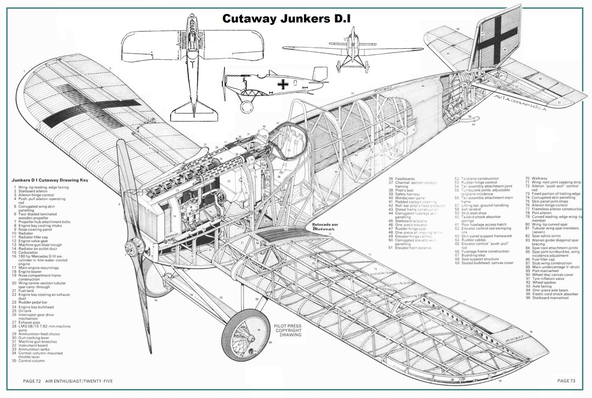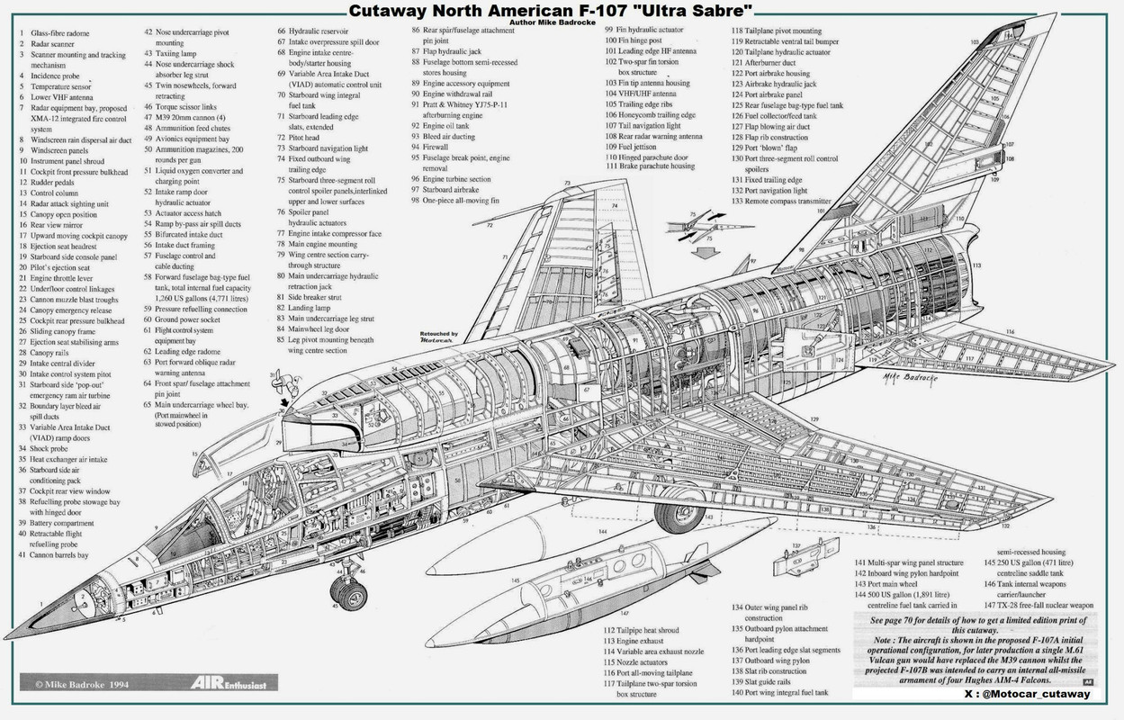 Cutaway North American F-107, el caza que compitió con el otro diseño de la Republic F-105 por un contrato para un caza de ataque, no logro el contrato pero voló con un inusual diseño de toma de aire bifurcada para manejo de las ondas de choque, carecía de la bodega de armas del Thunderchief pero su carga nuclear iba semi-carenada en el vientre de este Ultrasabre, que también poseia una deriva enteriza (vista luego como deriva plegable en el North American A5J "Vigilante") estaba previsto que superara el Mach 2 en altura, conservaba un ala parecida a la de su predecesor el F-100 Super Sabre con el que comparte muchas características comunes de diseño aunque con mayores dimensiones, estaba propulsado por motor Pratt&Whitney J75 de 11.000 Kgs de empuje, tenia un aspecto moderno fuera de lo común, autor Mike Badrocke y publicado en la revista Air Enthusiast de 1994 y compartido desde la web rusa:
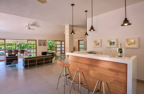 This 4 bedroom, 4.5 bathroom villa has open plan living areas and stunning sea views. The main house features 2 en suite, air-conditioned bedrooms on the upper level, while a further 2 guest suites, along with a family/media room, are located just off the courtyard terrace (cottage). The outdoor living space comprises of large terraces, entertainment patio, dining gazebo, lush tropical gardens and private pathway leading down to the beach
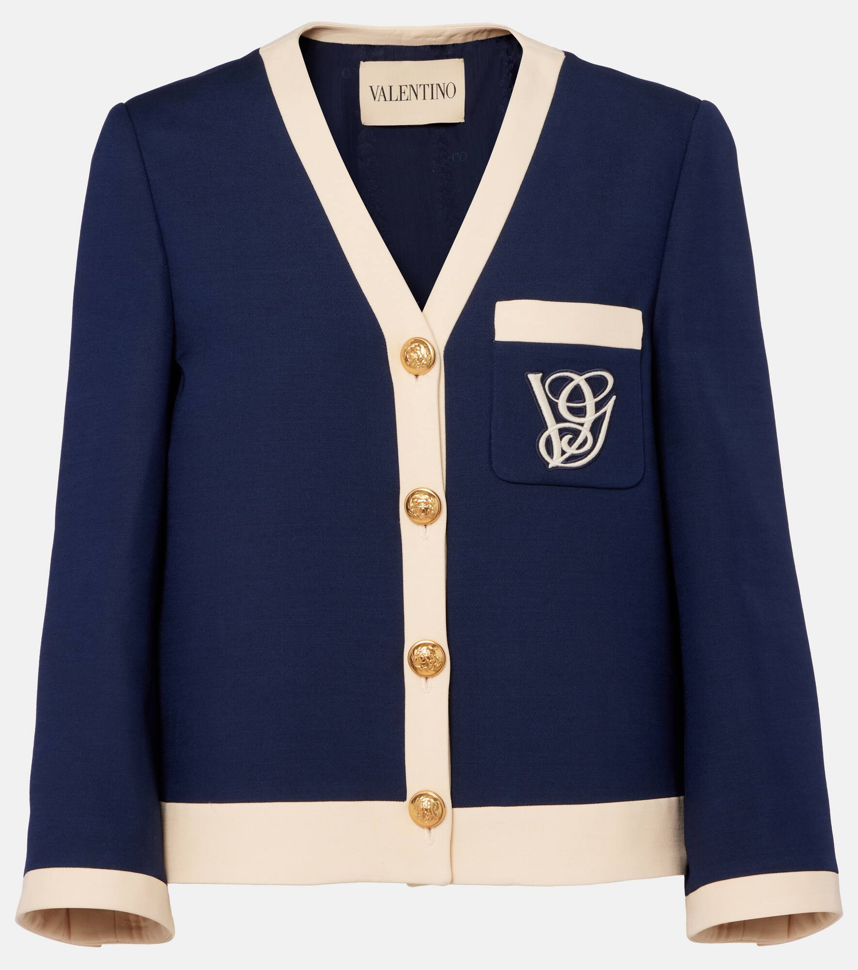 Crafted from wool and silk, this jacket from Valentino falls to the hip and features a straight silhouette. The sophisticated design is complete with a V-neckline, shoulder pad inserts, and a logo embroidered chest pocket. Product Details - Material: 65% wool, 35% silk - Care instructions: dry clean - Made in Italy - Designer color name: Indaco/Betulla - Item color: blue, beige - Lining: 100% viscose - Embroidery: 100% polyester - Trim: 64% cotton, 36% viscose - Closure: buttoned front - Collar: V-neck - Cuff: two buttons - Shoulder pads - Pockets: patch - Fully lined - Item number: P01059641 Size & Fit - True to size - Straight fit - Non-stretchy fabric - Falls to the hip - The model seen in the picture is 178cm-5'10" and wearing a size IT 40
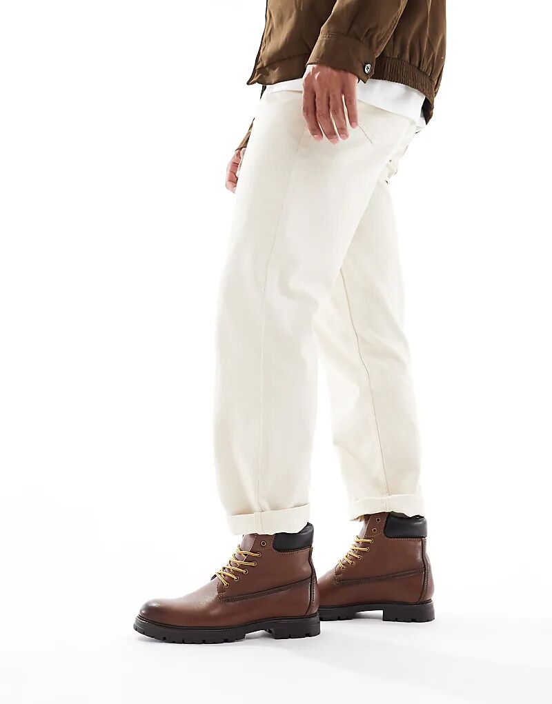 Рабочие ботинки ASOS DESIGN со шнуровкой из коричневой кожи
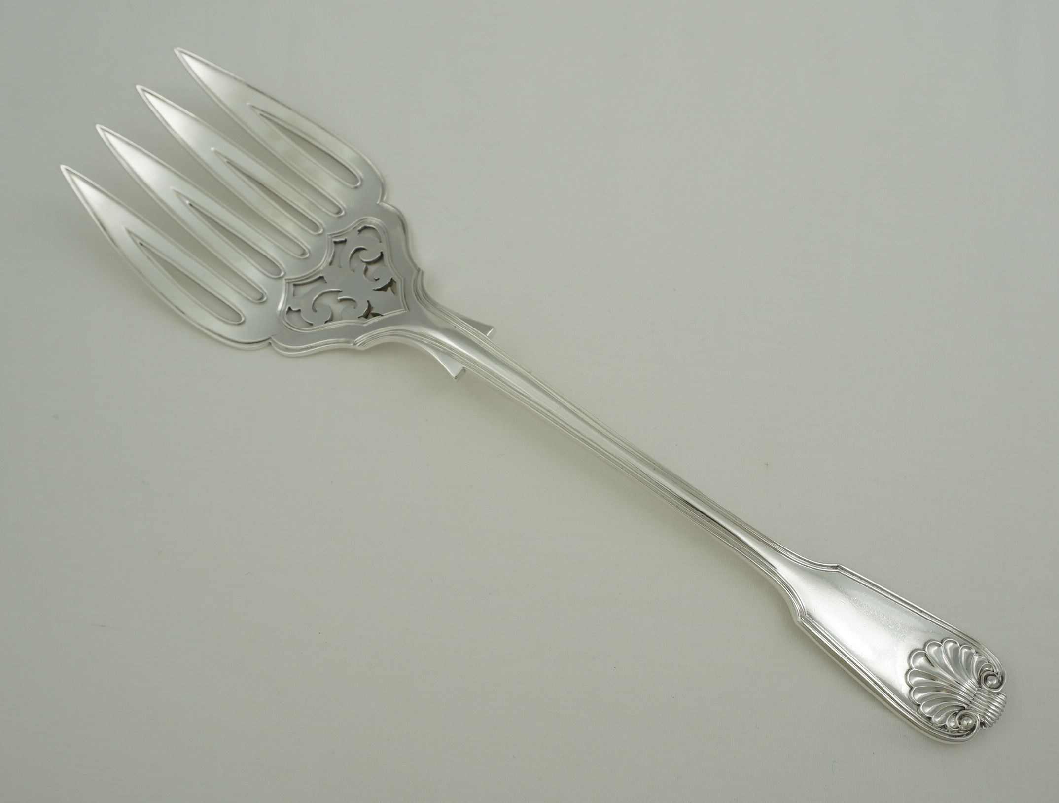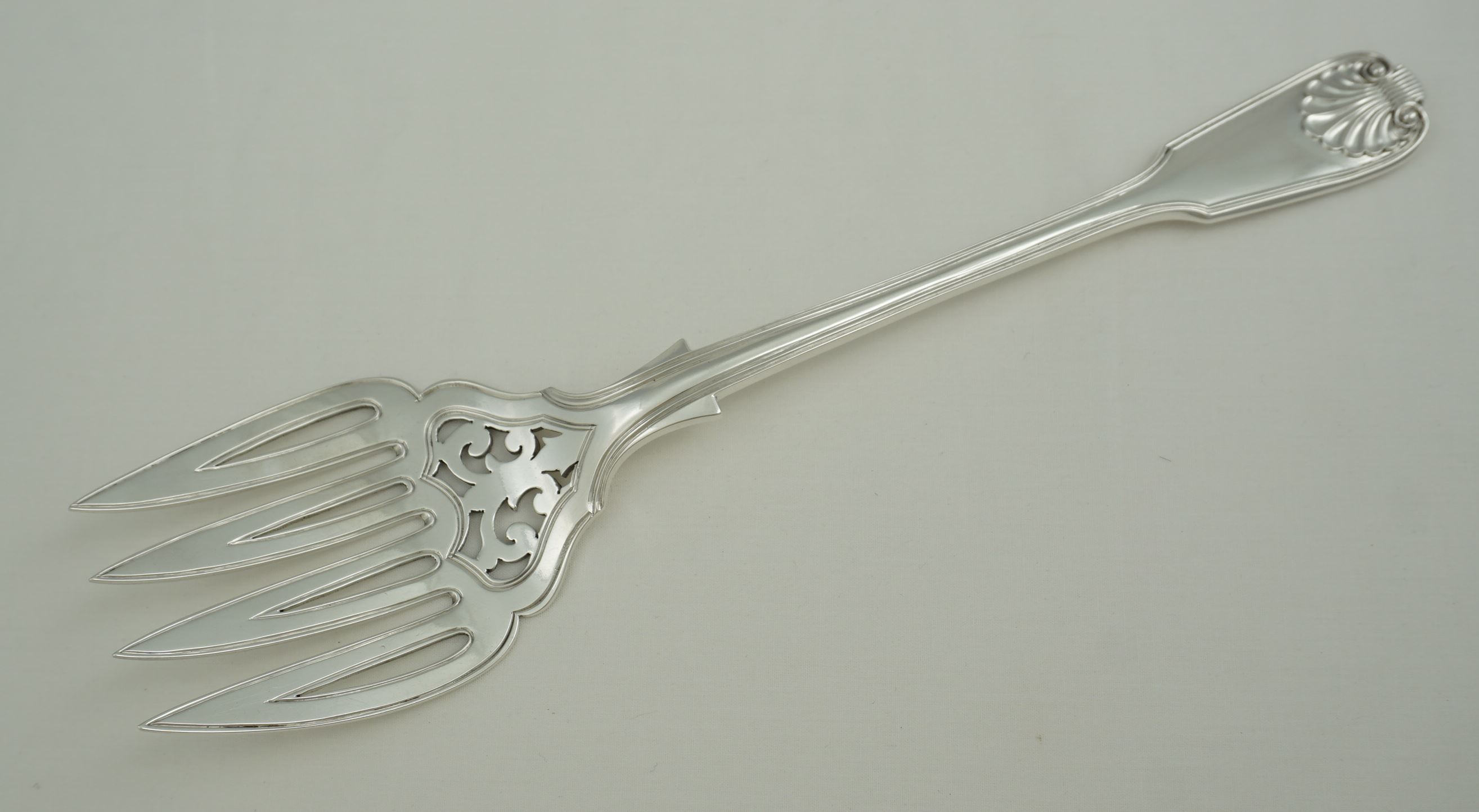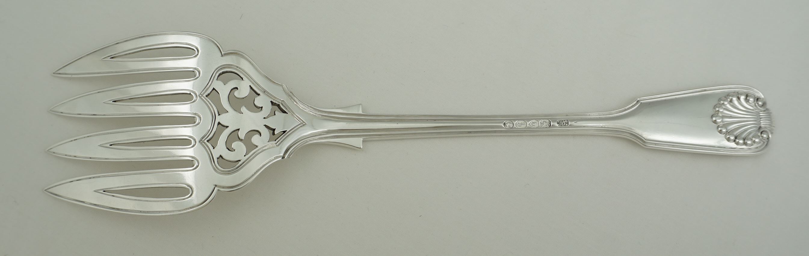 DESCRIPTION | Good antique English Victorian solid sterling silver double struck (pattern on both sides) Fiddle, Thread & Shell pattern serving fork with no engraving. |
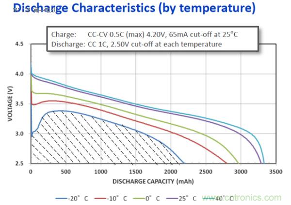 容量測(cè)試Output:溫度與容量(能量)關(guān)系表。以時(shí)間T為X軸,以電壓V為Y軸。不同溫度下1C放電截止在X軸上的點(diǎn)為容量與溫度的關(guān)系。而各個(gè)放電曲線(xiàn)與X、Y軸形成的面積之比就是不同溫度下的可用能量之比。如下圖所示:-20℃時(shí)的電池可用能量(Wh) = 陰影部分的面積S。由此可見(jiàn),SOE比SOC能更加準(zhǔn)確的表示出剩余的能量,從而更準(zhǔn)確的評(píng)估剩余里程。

##############################

Return every line of the data above exactly, and omit all pictures.

 Cutaway North American F-107, el caza que compitió con el otro diseño de la Republic F-105 por un contrato para un caza de ataque, no logro el contrato pero voló con un inusual diseño de toma de aire bifurcada para manejo de las ondas de choque, carecía de la bodega de armas del Thunderchief pero su carga nuclear iba semi-carenada en el vientre de este Ultrasabre, que también poseia una deriva enteriza (vista luego como deriva plegable en el North American A5J "Vigilante") estaba previsto que superara el Mach 2 en altura, conservaba un ala parecida a la de su predecesor el F-100 Super Sabre con el que comparte muchas características comunes de diseño aunque con mayores dimensiones, estaba propulsado por motor Pratt&Whitney J75 de 11.000 Kgs de empuje, tenia un aspecto moderno fuera de lo común, autor Mike Badrocke y publicado en la revista Air Enthusiast de 1994 y compartido desde la web rusa:
 This 4 bedroom, 4.5 bathroom villa has open plan living areas and stunning sea views. The main house features 2 en suite, air-conditioned bedrooms on the upper level, while a further 2 guest suites, along with a family/media room, are located just off the courtyard terrace (cottage). The outdoor living space comprises of large terraces, entertainment patio, dining gazebo, lush tropical gardens and private pathway leading down to the beach
 Crafted from wool and silk, this jacket from Valentino falls to the hip and features a straight silhouette. The sophisticated design is complete with a V-neckline, shoulder pad inserts, and a logo embroidered chest pocket. Product Details - Material: 65% wool, 35% silk - Care instructions: dry clean - Made in Italy - Designer color name: Indaco/Betulla - Item color: blue, beige - Lining: 100% viscose - Embroidery: 100% polyester - Trim: 64% cotton, 36% viscose - Closure: buttoned front - Collar: V-neck - Cuff: two buttons - Shoulder pads - Pockets: patch - Fully lined - Item number: P01059641 Size & Fit - True to size - Straight fit - Non-stretchy fabric - Falls to the hip - The model seen in the picture is 178cm-5'10" and wearing a size IT 40
 Рабочие ботинки ASOS DESIGN со шнуровкой из коричневой кожи
 DESCRIPTION | Good antique English Victorian solid sterling silver double struck (pattern on both sides) Fiddle, Thread & Shell pattern serving fork with no engraving. |
 容量測(cè)試Output:溫度與容量(能量)關(guān)系表。以時(shí)間T為X軸,以電壓V為Y軸。不同溫度下1C放電截止在X軸上的點(diǎn)為容量與溫度的關(guān)系。而各個(gè)放電曲線(xiàn)與X、Y軸形成的面積之比就是不同溫度下的可用能量之比。如下圖所示:-20℃時(shí)的電池可用能量(Wh) = 陰影部分的面積S。由此可見(jiàn),SOE比SOC能更加準(zhǔn)確的表示出剩余的能量,從而更準(zhǔn)確的評(píng)估剩余里程。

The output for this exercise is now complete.